Methods for Multiple-Output Learning in python
This package provides multi-output methods in python, using scikit-learn for base classifiers. Classifiers are written in the style of scikit-learn
classifiers.
For a maturing Java-based framework for multi-label multi-output learning, see the MEKA framework. But sometimes, it's nice to work in python, hence this project. The basic problem transformation methods are implemented, as in MEKA, except using scikit-learn for base classifiers. I have also come across the scikit-multilearn with similar goals which also in fact has a wrapper to MEKA classifiers.
Installation requires numpy
and scikit-learn
. To install:
$ python setup.py install
Or, if you will be developing, then
git clone https://github.com/jmread/molearn
cd molearn
python setup.py develop
If you install locally, then use the --prefix
option, e.g.,
python setup.py develop --prefix=$HOME/.local/
To check that it is working, run the demo:
$ python runDemo.py
Data is represented in two-dimensional numpy arrays, similarly to sklearn.

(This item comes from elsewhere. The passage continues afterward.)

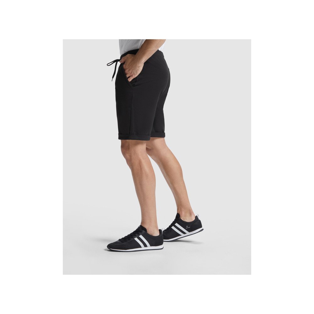 Vabaaja lühikesed püksid rullitud alläärtega. Elastne vöökoht reguleeritava nööriga ja metallist aasadega. Küljetaskud ees ja üks taga.

For example, to run Classifier Chains with a Random Forest base classifier:
from molearn.classifiers.CC import CC
from sklearn.ensemble import RandomForestClassifier
h = CC(h=RandomForestClassifier(n_estimators=100))
h.fit(X_train,Y_train)
Y_pred = h.predict_proba(X_test)
print "Exact Match: ", Exact_match(Y_test,Y_pred > 0.5)
For further examples, have a look at runDemo.py
.